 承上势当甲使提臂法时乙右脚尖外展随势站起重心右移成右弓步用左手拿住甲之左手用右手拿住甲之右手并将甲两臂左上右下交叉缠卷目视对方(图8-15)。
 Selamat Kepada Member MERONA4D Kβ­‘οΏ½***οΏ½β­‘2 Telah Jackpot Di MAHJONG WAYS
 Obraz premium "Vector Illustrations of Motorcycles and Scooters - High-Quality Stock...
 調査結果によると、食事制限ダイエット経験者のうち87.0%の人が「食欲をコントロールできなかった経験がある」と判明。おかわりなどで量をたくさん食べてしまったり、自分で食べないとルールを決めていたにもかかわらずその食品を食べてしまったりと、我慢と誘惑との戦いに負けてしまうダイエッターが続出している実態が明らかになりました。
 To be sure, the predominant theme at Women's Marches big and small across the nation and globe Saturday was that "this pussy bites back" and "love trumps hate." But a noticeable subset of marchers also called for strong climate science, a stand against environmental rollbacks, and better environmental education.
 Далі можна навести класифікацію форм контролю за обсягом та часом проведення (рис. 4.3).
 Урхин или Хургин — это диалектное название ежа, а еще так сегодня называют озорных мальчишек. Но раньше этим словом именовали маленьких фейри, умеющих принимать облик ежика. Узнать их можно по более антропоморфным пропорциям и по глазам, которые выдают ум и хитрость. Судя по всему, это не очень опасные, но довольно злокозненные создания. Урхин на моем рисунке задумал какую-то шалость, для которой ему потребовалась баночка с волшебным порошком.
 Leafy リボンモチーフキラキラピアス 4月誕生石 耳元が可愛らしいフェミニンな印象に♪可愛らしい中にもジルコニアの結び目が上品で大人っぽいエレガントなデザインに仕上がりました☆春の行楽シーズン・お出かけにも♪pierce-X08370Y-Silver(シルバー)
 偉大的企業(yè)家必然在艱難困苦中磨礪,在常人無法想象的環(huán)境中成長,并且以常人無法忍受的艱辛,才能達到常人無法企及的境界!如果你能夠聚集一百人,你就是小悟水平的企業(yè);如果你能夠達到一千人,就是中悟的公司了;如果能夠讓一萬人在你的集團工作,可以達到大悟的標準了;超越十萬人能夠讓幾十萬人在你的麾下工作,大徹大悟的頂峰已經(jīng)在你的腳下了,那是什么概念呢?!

§

**REQUIREMENT:**
Every line from the first through the one containing "調査結果によると、食事制限ダ" in the listing above must be given again exactly, with nothing else alongside.

**RESULT OF THIS TASK:**
 承上势当甲使提臂法时乙右脚尖外展随势站起重心右移成右弓步用左手拿住甲之左手用右手拿住甲之右手并将甲两臂左上右下交叉缠卷目视对方(图8-15)。
 Selamat Kepada Member MERONA4D Kβ­‘οΏ½***οΏ½β­‘2 Telah Jackpot Di MAHJONG WAYS
 Obraz premium "Vector Illustrations of Motorcycles and Scooters - High-Quality Stock...
 調査結果によると、食事制限ダイエット経験者のうち87.0%の人が「食欲をコントロールできなかった経験がある」と判明。おかわりなどで量をたくさん食べてしまったり、自分で食べないとルールを決めていたにもかかわらずその食品を食べてしまったりと、我慢と誘惑との戦いに負けてしまうダイエッターが続出している実態が明らかになりました。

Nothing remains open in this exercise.